Cassette Tapes and Heartbreak

A rock critic mourns his wife and celebrates the music of the scene they shared

Of course the Nirvana chapter begins with the goofball announcement, "The spring of 1994 was marked by two key events in rock history: The death of Kurt Cobain and the birth of Zima." As with Pavement's Steven Malkmus, Sheffield's quick quips have long been mistaken by dumb people for straight-up glibness. Make no mistake—those people are our enemies. They would have us deny that there was a time sincerity and irony were not mutually exclusive options, before the gaping chasm between snark and emo swallowed up any ambiguity of emotion. That time was the '90s, a decade whose flimsy promises were always already broken. We could only afford to approach our future with such irreverence, after all, because our dreams were so pathetically limited. Adequate health care, listenable radio, a modicum of gender parity—who would deny us these crumbs?

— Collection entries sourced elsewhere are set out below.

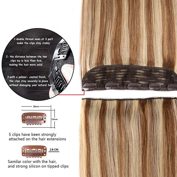 Lumiere #P4/27 Straight Human Hair Clip in One Piece Human Hair Extensions Real Human Hair Extension 5 Clips One Set For Women
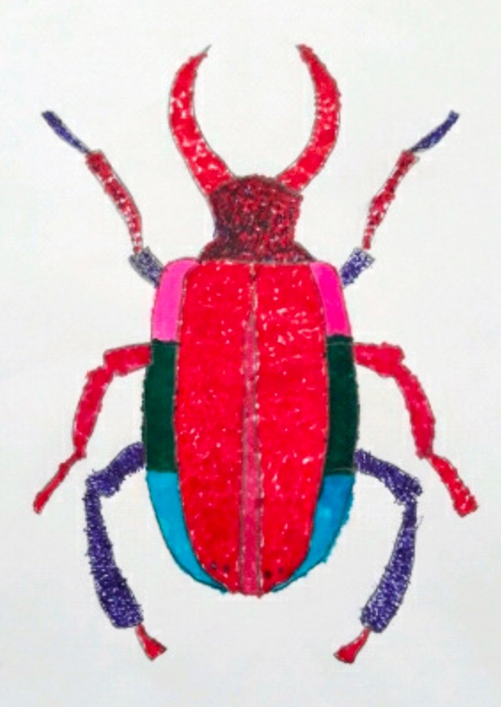 Now, how to introduce symmetry? I like to show the students photos of insects, asking them what they notice of each side of an insect’s body. As we talk about what we observe, I invite them to imagine what it would be like to draw a beetle or butterfly with dots, and how to make them symmetrical on both sides. You can’t imagine how excited the students get with the idea of this challenge. I invite them to consider ways to also include complementary colors side by side in their designs.
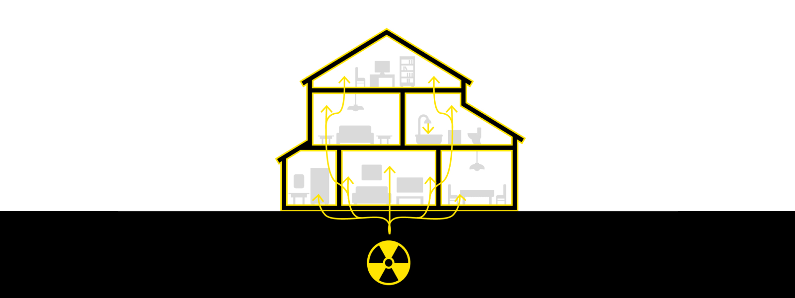 O radônio pode acumular-se em habitações vindas do solo, paredes, tetos ou bocas de água, filtrando-se através de fissuras e aberturas, afetando a segurança do lar.
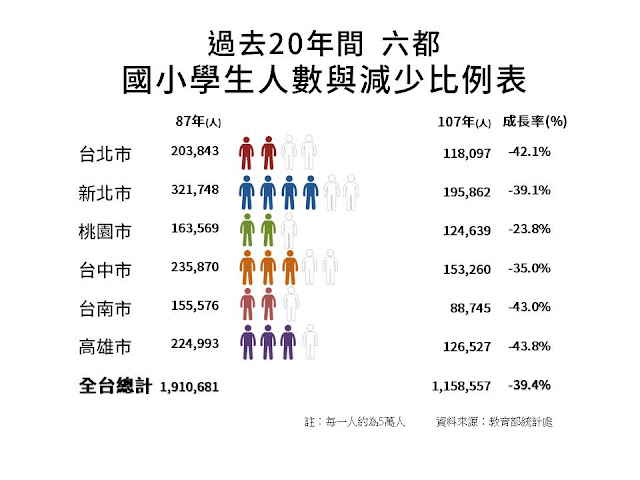 過去二十年間,全台國小在學人數滑落四成(四成!),形同「陸沉」(附錄二)。日前教育部宣布調高準公共化私幼收費,以吸引私幼加入,一位網友回應此新聞:「記得以前小學時一班學生約有45-50人,一個年級約有9個班級,現在聽說每班只有30人左右,每個年級約6個班級,其實這樣一來空出的教室其實是非常的多,而且連國中,高中大學,其實都有收不到學生的問題出現,只要將這些閒置空間用來做為公幼使用,還有需要等這麼久才能實施公幼嗎?」(蘋果日報2019/4/2)
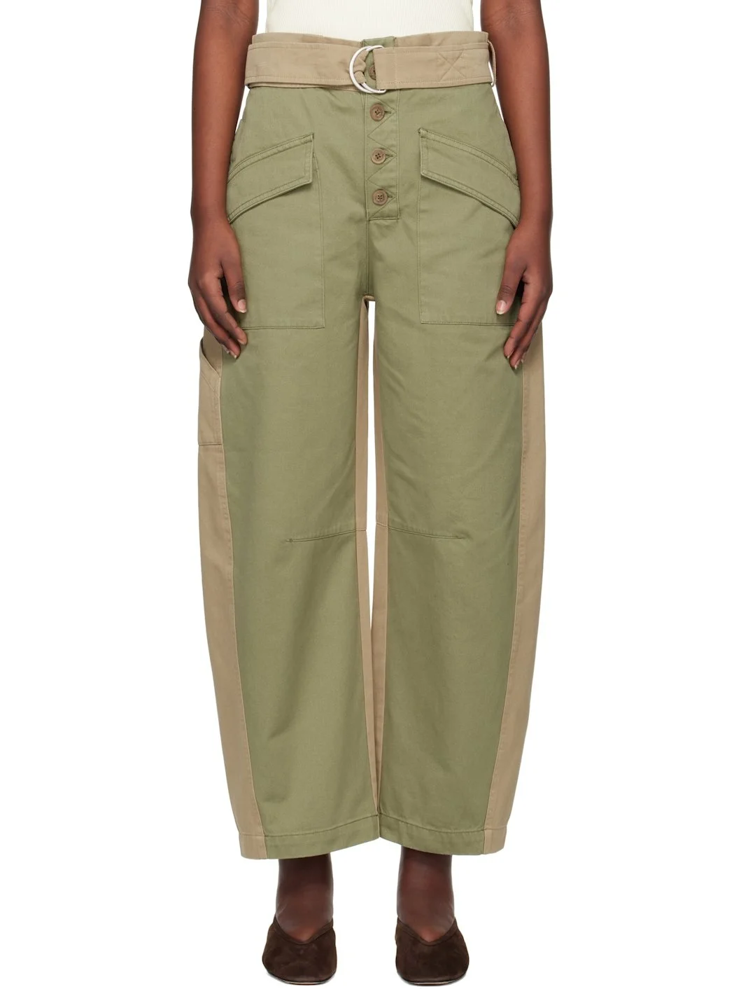 Tapered cotton twill trousers. · Paneled construction · Belt loops and integrated cinch belt · Three-pocket styling · Exposed button fly · Dart at knees · Twisted outseams · Patch pocket at outseam Supplier color: Chino 100% cotton. Made in Turkey 251271F087000
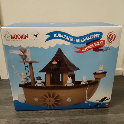 Muumilaiva ja hahmot sekä Muumi -eväslaatikko vaikka hahmojen säilytykseen.
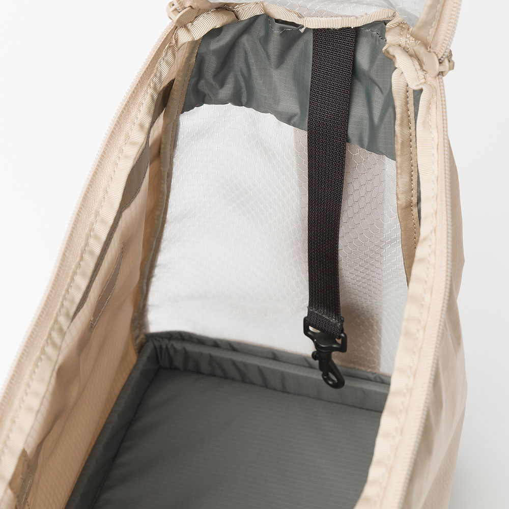 愛犬が疲れた時や、電車やバスで移動の際に便利なキャリーバッグです。体重約8kgまで対応するサイズです。使用しないときはコンパクトに折り畳むことができ、愛犬とお出かけする際に常時携行していただけます。底にはしっかりとしたパレットが入っており愛犬の体勢が安定します。パレットは取り外して洗うことができます。四隅に縫い込んだ芯材により自立する仕様。内側に飛び出し防止用のリーシュを設けています。
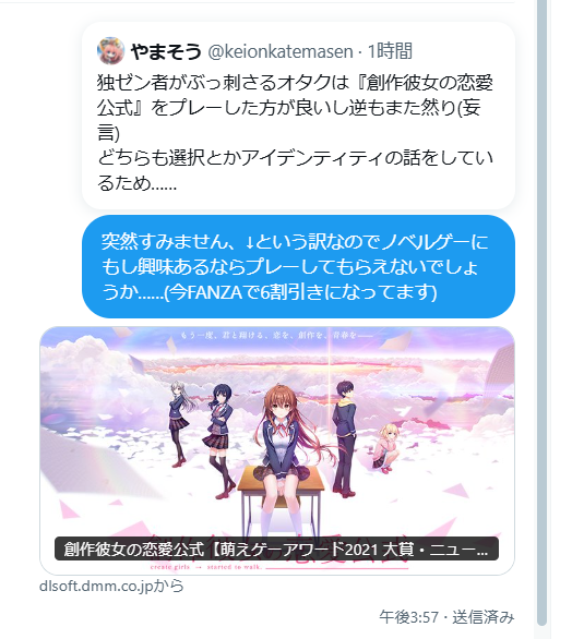 今回のライブをおすすめしてくれたフォロワーを脅してエロゲをプレーさせようとしてるらしい。いやマジでテーマ性が近しい所があって面白いんでこの記事読んだせんせえの方いれば頼みます……
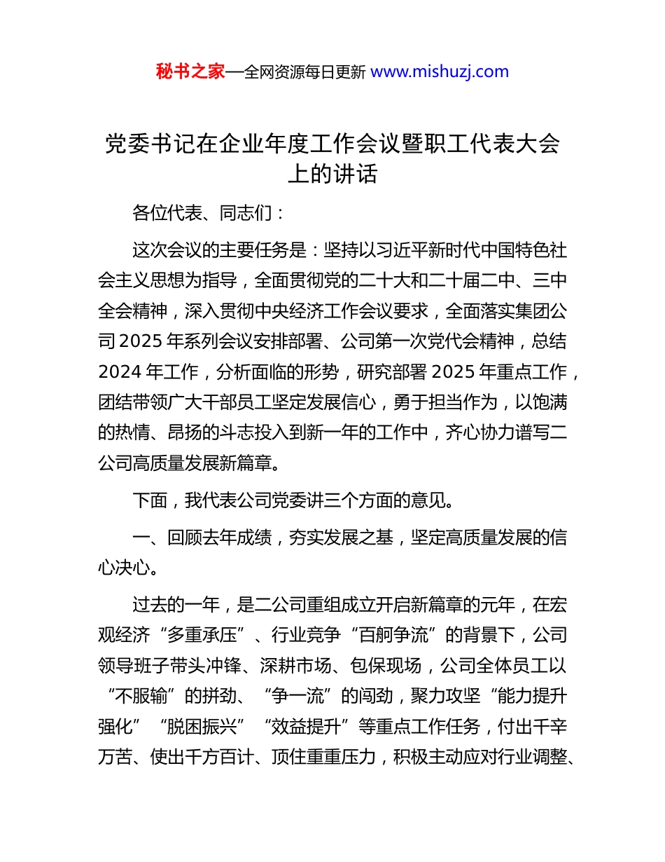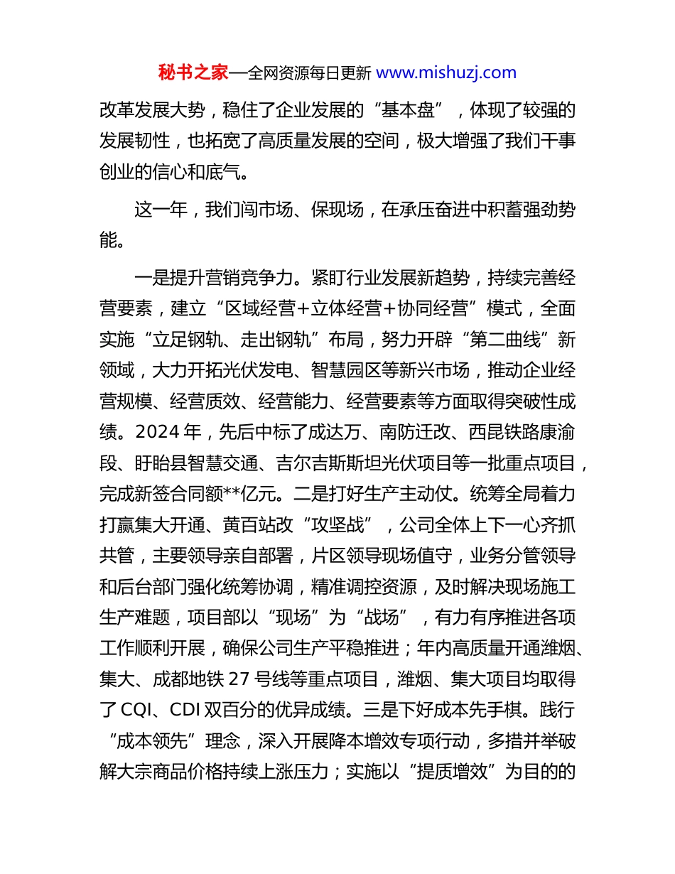 秘书之家—全网资源每日更新 www.mishuzj.com党委书记在企业年度工作会议暨职工代表大会上的讲话各位代表、同志们:这次会议的主要任务是:坚持以习近平新时代中国特色社会主义思想为指导,全面贯彻党的二十大和二十届二中、三中全会精神,深入贯彻中央经济工作会议要求,全面落实集团公司 2025 年系列会议安排部署、公司第一次党代会精神,总结2024 年工作,分析面临的形势,研究部署 2025 年重点工作,团结带领广大干部员工坚定发展信心,勇于担当作为,以饱满的热情、昂扬的斗志投入到新一年的工作中,齐心协力谱写二公司高质量发展新篇章。下面,我代表公司党委讲三个方面的意见。一、回顾去年成绩,夯实发展之基,坚定高质量发展的信心决心。过去的一年,是二公司重组成立开启新篇章的元年,在宏观经济“多重承压”、行业竞争“百舸争流”的背景下,公司领导班子带头冲锋、深耕市场、包保现场,公司全体员工以“不服输”的拼劲、“争一流”的闯劲,聚力攻坚“能力提升强化”“脱困振兴”“效益提升”等重点工作任务,付出千辛万苦、使出千方百计、顶住重重压力,积极主动应对行业调整、秘书之家—全网资源每日更新 www.mishuzj.com改革发展大势,稳住了企业发展的“基本盘”,体现了较强的发展韧性,也拓宽了高质量发展的空间,极大增强了我们干事创业的信心和底气。这一年,我们闯市场、保现场,在承压奋进中积蓄强劲势能。一是提升营销竞争力。紧盯行业发展新趋势,持续完善经营要素,建立“区域经营+立体经营+协同经营”模式,全面实施“立足钢轨、走出钢轨”布局,努力开辟“第二曲线”新领域,大力开拓光伏发电、智慧园区等新兴市场,推动企业经营规模、经营质效、经营能力、经营要素等方面取得突破性成绩。2024 年,先后中标了成达万、南防迁改、西昆铁路康渝段、盱眙县智慧交通、吉尔吉斯斯坦光伏项目等一批重点项目,完成新签合同额**亿元。二是打好生产主动仗。统筹全局着力打赢集大开通、黄百站改“攻坚战”,公司全体上下一心齐抓共管,主要领导亲自部署,片区领导现场值守,业务分管领导和后台部门强化统筹协调,精准调控资源,及时解决现场施工生产难题,项目部以“现场”为“战场”,有力有序推进各项工作顺利开展,确保公司生产平稳推进;年内高质量开通潍烟、集大、成都地铁 27 号线等重点项目,潍烟、集大项目均取得了 CQI、CDI 双百分的优异成绩。三是下好成本先手棋。践行“成本领先”理念,深入开展降本增效专项行动,多措并举破解大宗商品价格持续上涨压力;实施以“提质增效”为目的的秘书之家—全网资源每日更新 www.mishuzj.com全面预算管理,加强资金集中与内部调剂,加强项目全生命周期费用核算与控制,推动项目实现现金流自平衡管理,持续提升资金使用效率;积极创收节支,加快资金周转速度,强化现金流支撑,年末经营性现金流正向流入。2024 年,实现营业收入**亿元,利润总额**亿元,本部管理费完成压降 10%的目标。这一年,我们谋创新、激活力,在深化改革中提升发展动力。一是坚持党建引领,找准改革发力点。胜利召开第一次党代会,确立了“在两年内成长为集团公司领军企业,力争在五年内成长为中国中铁主力三级公司,向行业内标杆企业不懈奋斗”的发展愿景,将“两铁四电”主责主业市场和“第二曲线”“战新”产业市场作为发展重点方向,明确了企业发展的方向路径和时间节点。二是坚持守正创新,确保改革协同性。加强系统谋划和整体设计,统筹推进国企改革深化提升、能力提升强化、脱困振兴、“三项制度”改革工作,持续巩固“四位一体”工作成效,积极探索加强和完善新形势下项目管理体系改革,一体推行项目经理与项目党组织书记“一肩挑”,强化改革任务的穿透式管理,确保改革任务自上而下,一贯到底。全年完成改革深化提升事项**项,“能力提升强化”事项**项,“六项能力”进一步提升,管理效益进一步提高。通号项目管理公司被评为集团公司 2024 年度标杆专业化分公司。三是坚秘书之家—全网资源每日更新 www.mishuzj.com持动真碰硬,突出改革效能性。公司重组成立后,本部管理人员均以公开竞聘方式选聘,确保选优配...

'Rolling Stone' senior editor (and Zima  eulogist) Rob Sheffield
Deborah Schuman Zeolla
'Rolling Stone' senior editor (and Zima eulogist) Rob Sheffield

It's tempting to moan that our decade holds a funhouse mirror up to the '90s, minus the fun. Irony, once a strategy for surviving mass culture, has soured into a cheap tic, as the knowing slacker repartee of MST3K devolves the inane rat-a-tat of Best Week Ever. And the self-proclaimed sluts who grind for the webcam mouth the same language of empowerment that made sense in riot grrrl. But Sheffield refuses to settle for that cheap comparison, and we should too—that way lies the sins of Boomerdom. True, Love Is a Mix Tape makes me wish I'd loved the '90s more at the time, but it also reminds me that if I had, they wouldn't have been the '90s. The feeling it generates is the opposite of nostalgia, a swelling sense of the importance of basking in the present, and being grateful that I still have a chance to love the '00s as much as they deserve.